Cette prudence se reflète dans le nombre de nouvelles hypothèques accordées par les institutions financières.

Malgré cela, la valeur globale de l’immobilier résidentiel détenu par les ménages a continué d’augmenter. Au premier trimestre, elle a progressé de 1,3 % pour atteindre environ 8 470 milliards de dollars.

Les prix des propriétés restent relativement solides

Même si les ventes ont ralenti dans plusieurs régions, les prix des propriétés ont continué de montrer une certaine résistance.

L’Indice des prix des propriétés MLS® a enregistré une hausse de 0,7 % au cours des trois premiers mois de l’année.

Le portrait varie toutefois selon les marchés. Certains segments, notamment les copropriétés dans les grands centres urbains, continuent de faire face à davantage de pression.

Dans certaines grandes villes canadiennes, les prix des condos ont reculé au cours de la dernière année en raison d’une offre plus abondante et d’une demande plus prudente.

Les dettes augmentent plus vite que les revenus

L’un des constats les plus importants du rapport de Statistique Canada concerne l’écart qui continue de se creuser entre les revenus et les dettes des ménages.

Pour un sixième trimestre consécutif, l’endettement a progressé plus rapidement que les revenus disponibles.

Le ratio dette-revenu a atteint 179,6 %. Concrètement, cela signifie que les ménages canadiens détiennent en moyenne environ 1,80 $ de dette pour chaque dollar de revenu disponible après impôts.

Bien que ce niveau demeure inférieur aux records observés en 2022, il démontre que plusieurs familles continuent de dépendre du crédit pour soutenir leur budget.

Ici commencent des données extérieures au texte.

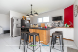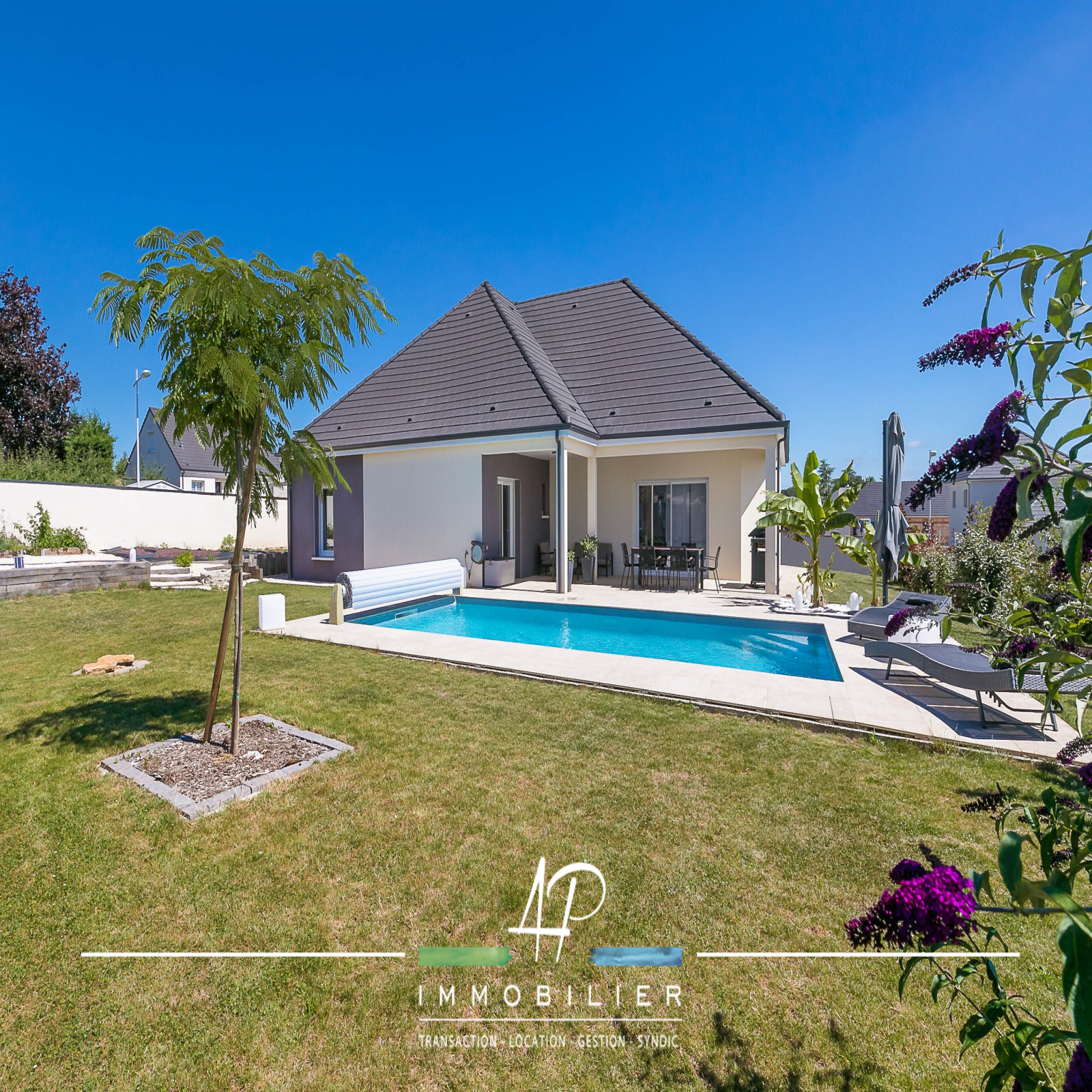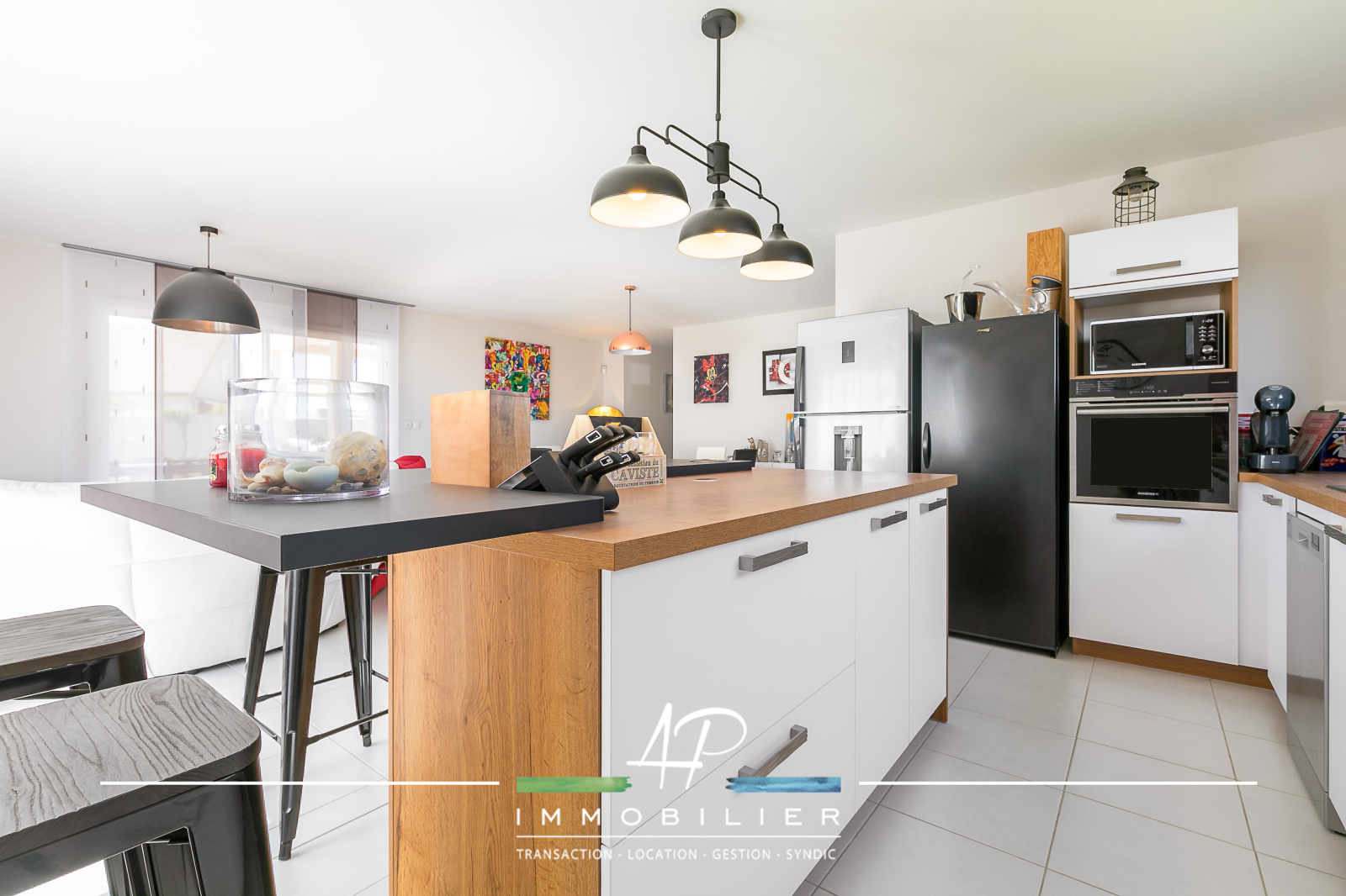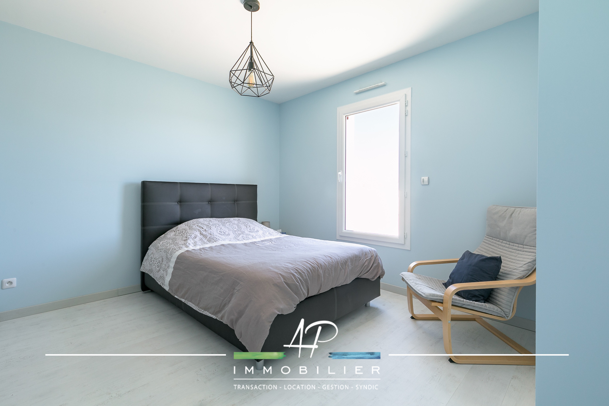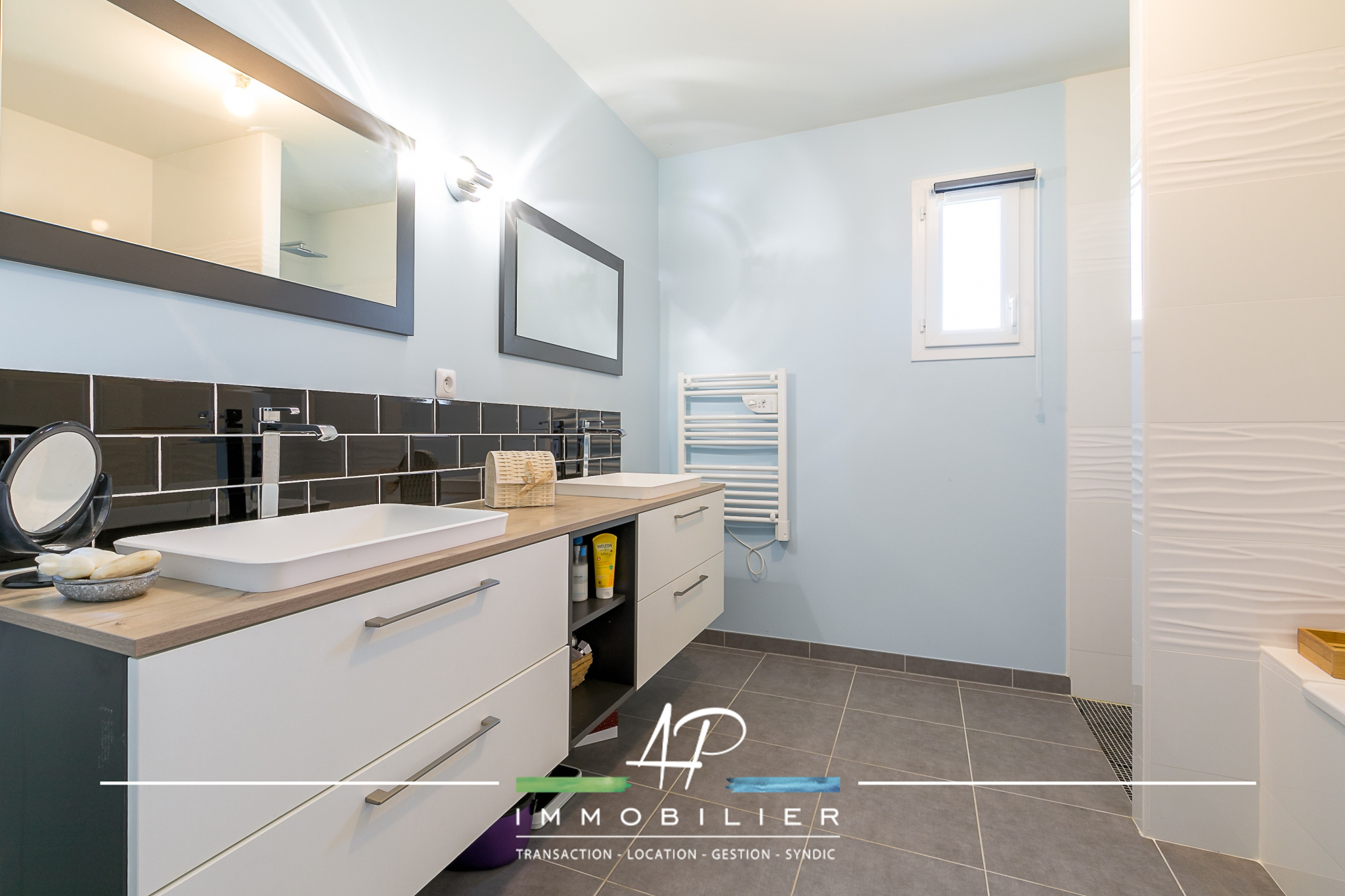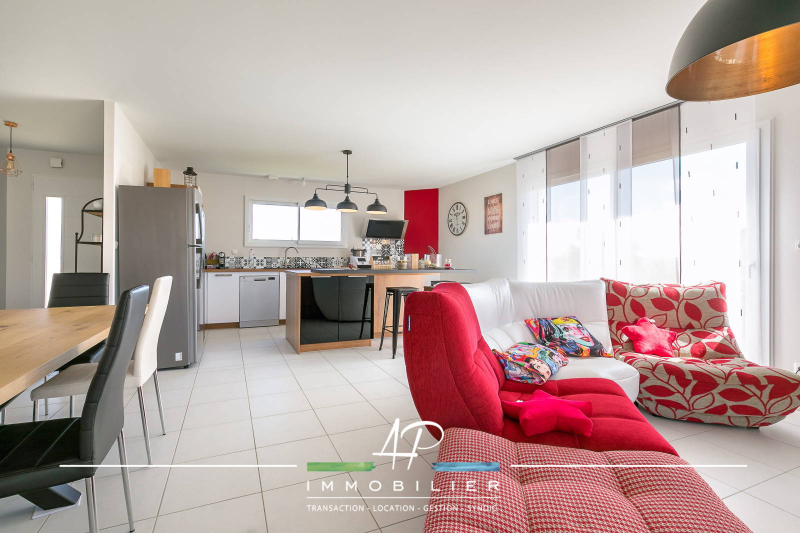 Ce plain-pied de 120 m² habitables dispose: d'une pièce de vie lumineuse de 50m² avec cuisine américaine aménagée et équipée (four, plaques, hotte), d'un cellier/buanderie, de trois chambres dont une suite de 20m² avec dressing aménagé et salle d'eau, d'une salle de bains principale avec douche et baignoire et d'un wc indépendant.

Le coût des paiements continue de grimper

Au-delà du montant total des dettes, les paiements mensuels occupent une place de plus en plus importante dans le budget des ménages.

Selon Statistique Canada, près de 14,8 % du revenu disponible est maintenant consacré au remboursement des dettes, incluant le capital et les intérêts.

Cette proportion a légèrement augmenté au début de 2026 après deux trimestres de recul.

Les intérêts payés sur les hypothèques ont également recommencé à augmenter, ce qui pourrait représenter un défi supplémentaire pour les propriétaires qui approchent de leur renouvellement hypothécaire.

Moins d’épargne, plus de pression financière

Le rapport révèle également que les Canadiens mettent moins d’argent de côté.

Le taux d’épargne des ménages est tombé à 3,5 %, son niveau le plus faible depuis le début de 2024. Cette baisse suggère que plusieurs familles utilisent une plus grande part de leurs revenus pour couvrir leurs dépenses courantes et leurs paiements de dettes.

Lorsque les coûts de logement, d’alimentation, de transport et d’assurance augmentent simultanément, il devient plus difficile de conserver une marge de sécurité financière.

Faut-il s’inquiéter?

Pour le moment, les données ne montrent pas de signes de crise imminente. Les revenus continuent de progresser, la valeur nette des ménages demeure élevée et plusieurs propriétaires bénéficient encore de la hausse de valeur de leur propriété.

Toutefois, la combinaison d’un endettement élevé, d’une épargne plus faible et de paiements mensuels en hausse mérite d’être surveillée de près.

Les prochains mois seront particulièrement importants alors que de nombreux propriétaires devront renouveler leur hypothèque dans un environnement où les coûts d’emprunt demeurent plus élevés qu’il y a quelques années.

Selon Statistique Canada, le portrait actuel montre donc des ménages encore relativement résilients, mais qui disposent de moins en moins de marge de manœuvre financière pour faire face aux imprévus.

Source : Statistique Canada, Comptes du bilan national des ménages, premier trimestre 2026.